Elections in Taiwan in January will give us an insight into new tools that could be used in elections in 2024. China will try to bring about an opposition victory to end the ruling DPP’s time in power, a period that has been marked by deteriorating relations with China. This will include the use of Artificial Intelligence (AI).

Easterly warned in a speech in May that AI, including generative AI, such as OpenAI’s ChatGPT, poses “epoch-defining” risks. AI is being used to counter disinformation, but at the same time these technologies are increasing the volume and quality of disinformation, including hyper-realistic images and deep fakes that could be viewed millions of times before being debunked (and there is evidence that beliefs linger even after debunking).

As well as creating more disinformation, AI will be used to increase targeted voter harassment. After stealing voter records from a state database in 2020, Iranian operatives threatened voters with unspecified consequences if they didn’t vote for Trump. The messages, which contained false allegations of vulnerabilities in election technology, were designed to look like they came from the right-wing Proud Boys. The US publicly outed Tehran’s involvement, but AI will allow this micro-targeting at scale and potentially in a more convincing manner.

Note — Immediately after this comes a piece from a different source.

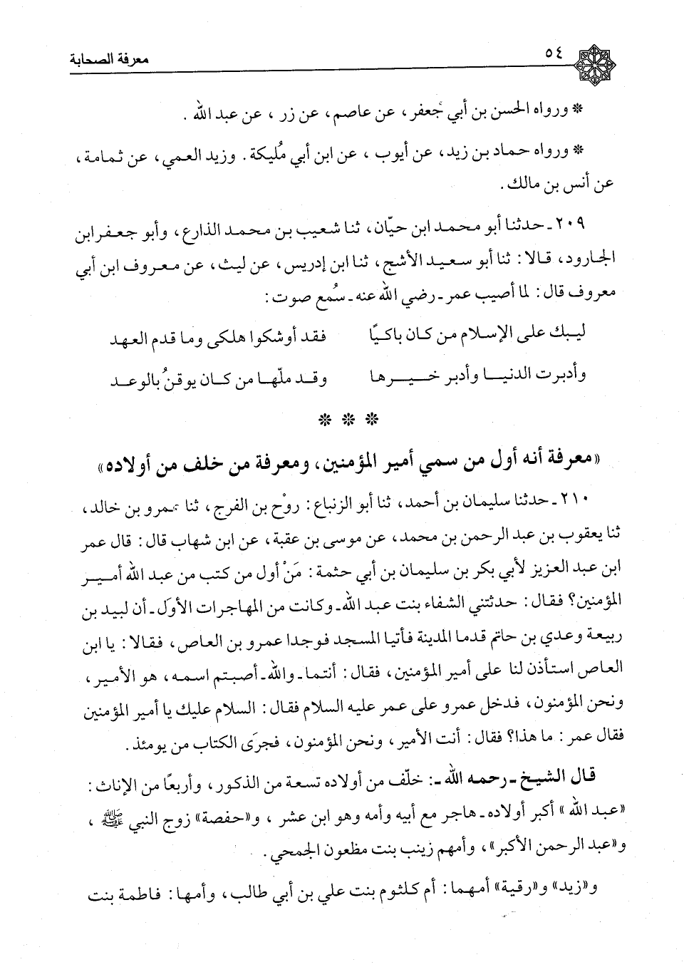 210 - حَدَّثَنَا سُلَيْمَانُ بْنُ أَحْمَدَ، ثَنَا أَبُو الزِّنْبَاعِ رَوْحُ بْنُ الْفَرَجِ، ثَنَا عَمْرُو بْنُ خَالِدٍ، ثَنَا يَعْقُوبُ بْنُ عَبْدِ الرَّحْمَنِ بْنِ مُحَمَّدٍ، عَنْ مُوسَى بْنِ عُقْبَةَ، عَنِ ابْنِ شِهَابٍ، قَالَ: قَالَ عُمَرُ بْنُ عَبْدِ الْعَزِيزِ لِأَبِي بَكْرِ بْنِ سُلَيْمَانَ بْنِ أَبِي حَثْمَةَ: مَنْ أَوَّلُ مَنْ كَتَبَ مِنْ عَبْدِ اللهِ أَمِيرِ الْمُؤْمِنِينِ، فَقَالَ: حَدَّثَتْنِي الشِّفَاءُ بِنْتُ عَبْدِ اللهِ، وَكَانَتْ مِنَ الْمُهَاجِرَاتِ الْأُوَلِ، " §أَنَّ لَبِيدَ بْنَ رَبِيعَةَ، وَعَدِيَّ بْنَ حَاتِمٍ قَدِمَا الْمَدِينَةَ، فَأَتَيَا الْمَسْجِدَ، فَوَجَدَا عَمْرَو بْنَ الْعَاصِ، فَقَالَا: يَا ابْنَ الْعَاصِ اسْتَأْذِنْ لَنَا عَلَى أَمِيرِ الْمُؤْمِنِينَ، فَقَالَ: أَنْتُمَا وَاللهِ أَصَبْتُمُ اسْمَهُ، هُوَ الْأَمِيرُ، وَنَحْنُ الْمُؤْمِنُونَ، فَدَخَلَ عَمْرٌو عَلَى عُمَرَ عَلَيْهِ السَّلَامُ، فَقَالَ: السَّلَامُ عَلَيْكَ يَا أَمِيرَ الْمُؤْمِنِينَ، فَقَالَ عُمَرُ: مَا هَذَا؟ فَقَالَ: أَنْتَ الْأَمِيرُ وَنَحْنُ الْمُؤْمِنُونَ، فَجَرَى الْكِتَابُ مِنْ يَوْمَئِذٍ " قَالَ الشَّيْخُ رَحِمَهُ اللهُ: خَلَّفَ مِنْ أَوْلَادِهِ تِسْعَةً مِنَ الذُّكُورِ وَأَرْبَعًا مِنَ الْإِنَاثِ، عَبْدُ اللهِ أَكْبَرُ أَوْلَادِهِ، هَاجَرَ مَعَ أَبِيهِ وَأُمِّهِ وَهُوَ ابْنُ عَشْرٍ، وَحَفْصَةُ زَوْجُ النَّبِيِّ صَلَّى اللَّهُ عَلَيْهِ وَسَلَّمَ، وَعَبْدُ الرَّحْمَنِ الْأَكْبَرُ وَأُمُّهُمْ زَيْنَبُ بِنْتُ مَظْعُونٍ الْجُمَحِيُّ، وَزَيْدٌ وَرُقَيَّةُ أُمُّهُمَا أُمُّ كُلْثُومٍ بِنْتُ عَلِيِّ بْنِ أَبِي طَالِبٍ، وَأُمُّهَا فَاطِمَةُ بِنْتُ -[55]- رَسُولِ اللهِ صَلَّى اللَّهُ عَلَيْهِ وَسَلَّمَ، وَزَيْدٌ الْأَصْغَرُ، وَعُبَيْدُ اللهِ أُمُّهُمَا أُمُّ كُلْثُومٍ بِنْتِ جَرْوَلٍ الْخُزَاعِيُّ، قُتِلَ عُبَيْدُ اللهِ بِصِفِّينَ مَعَ مُعَاوِيَةَ، وَعَاصِمٌ أُمُّهُ جَمِيلَةُ بِنْتُ ثَابِتِ بْنِ الْأَقْلَحِ، كَانَتْ تُسَمَّى عَاصِيَةَ، فَسَمَّاهَا رَسُولُ اللهِ صَلَّى اللَّهُ عَلَيْهِ وَسَلَّمَ جَمِيلَةَ، وَعَبْدُ الرَّحْمَنِ الْأَصْغَرُ وَهُوَ أَبُو الْمُجَبِّرِ، أُمُّهُ أُمُّ وَلَدٍ يُقَالُ لَهَا: فُكَيْهَةُ، وَأُخْتُهُ لِأُمِّهِ زَيْنَبُ بِنْتُ عُمَرَ وَعِيَاضٌ أُمُّهُ عَاتِكَةُ بِنْتُ زَيْدِ بْنِ عَمْرِو بْنِ نُفَيْلٍ وَفَاطِمَةُ أُمُّهَا أُمُّ حَكِيمٍ بِنْتُ الْحَارِثِ بْنِ هِشَامِ بْنِ الْمُغِيرَةِ، وَعَبْدُ اللهِ الْأَصْغَرُ وَأُمُّهُ سَعِيدَةُ بِنْتُ رَافِعِ بْنِ عُبَيْدِ بْنِ عَمْرٍو مِنْ بَنِي عَمْرِو بْنِ عَوْفٍ، فَهَؤُلَاءِ وَلَدُ عُمَرَ بْنِ الْخَطَّابِ رَضِيَ اللهُ عَنْهُ

We have the Geneva Conventions to limit the barbarity of war on the physical battlefield. The conventions regulate the conduct of armed conflict and seek to limit its effects. An equivalent set of conventions governing the use of cyberweapons is urgently needed to not only limit harm, but to protect our democracies. Developments in AI, potentially supercharging these weapons, increases this exigency. Britain, as well as increasing the cyber resiliency of our own democratic processes and better educating our voters on the emerging risks, should lead the call for these conventions. It will be in our interests to do so. It might even repair some of the damage to our international reputation that has been in freefall since 2016, when such cyberweapons almost certainly attempted to undermine our democracy. We should also seek to elect a political class that does not do our adversaries’ job for them.